Уголка более-странного, где жил доктор, невозможно было бы найдти в целом Лондоне. Прохода через него не было, и окошки квартиры доктора открывались на приятную улицу, которая нравилась своим уединением. В то время было еще очень - немного строений на север оксфордской дороги; лесные деревья были во всей красе; дикие цветы росли, и боярышник цвел в теперь исчезнувших полях. Струи деревенского воздуха, следственно, свободно двигались в Сого, не маялись в приходе, как заблудшие нищие без притона, и на многих южных стенах даже поспевали персики в свое время.

Солнечный свет блистательно проникал в уголок, в раннюю пору дня; но, когда на улицах становилось жарко, уголок был в тени, но не в такой отдаленной тени, чтобы вы не могли видеть на улице всей яркости солнечного блеска. Это было прохладное место, спокойное, но веселое, чудное место для эхо, чудное убежище от шумных улиц.

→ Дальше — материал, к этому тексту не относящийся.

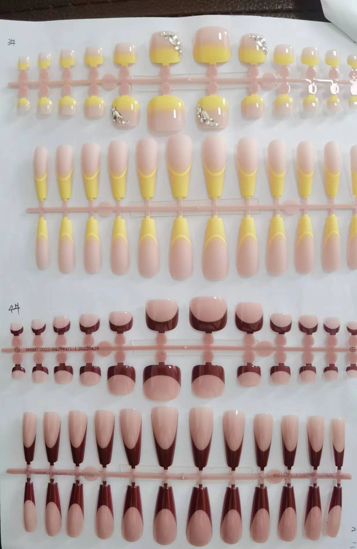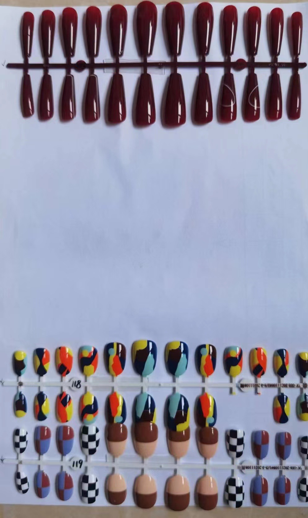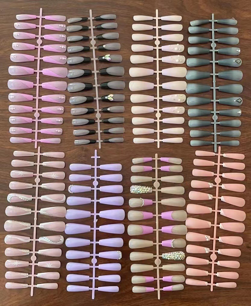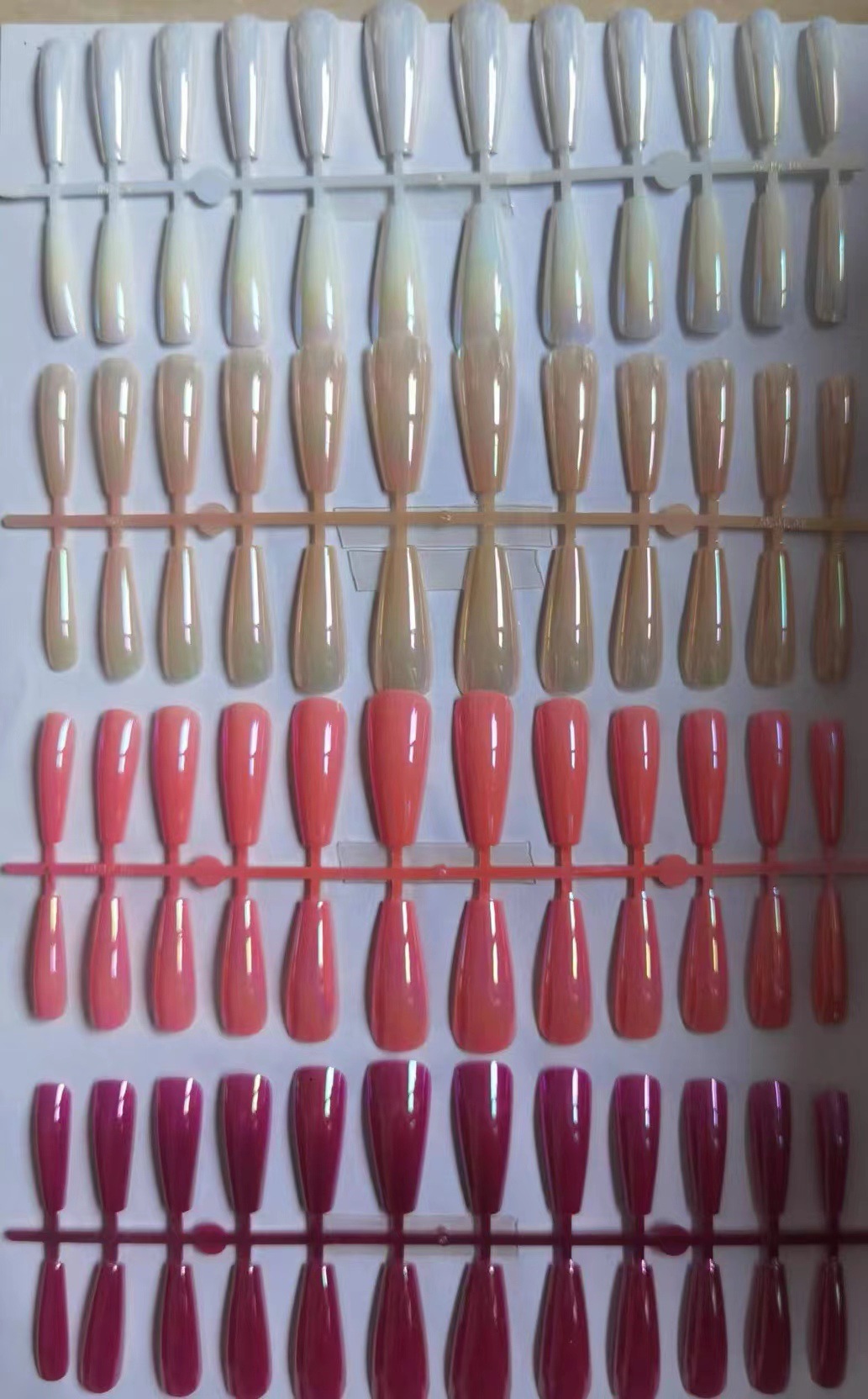 彩色甲片穿戴甲美甲甲片 定制批发蝴蝶印花贴钻渐变七彩甲片

Здесь, у такой пристани, должна бы остановиться спокойная барка, и она причалила к ней. Доктор занимал два этажа большого, но такого дома, где люди занимались днем различными ремеслами, хотя мало слышно было о них; ночью же они совершенно покидали дом. В строении назади, куда проходили через двор, где клён шумел своими зелеными листьями, делали будто-бы органы, чеканили серебро и выбивал золото какой-то гигант, которого золотая рука высовывалась из стены прихожей и который, повидимому, превратившись сам в драгоценный металл, грозил подобным же превращением всем посетителям. Об этих ремеслах, об одиноком жильце, который, говорили, жил наверху, о неизвестном бассонном мастере, имевшем, как утверждали, контору внизу, немного было слышно и еще менее было видно их. Иногда проходил через прихожую заблудший работник; иногда заглядывал сюда чужой человек; иногда вы слышали через двор отдаленное дребезжанье или удары золотого гиганта. То были, однакожь, одни исключения, доказывавшия правило, что воробьи, на клёне позади дома, и эхо, в уголку впереди его, распоряжались по-своему с утра воскресенья до субботней ночи.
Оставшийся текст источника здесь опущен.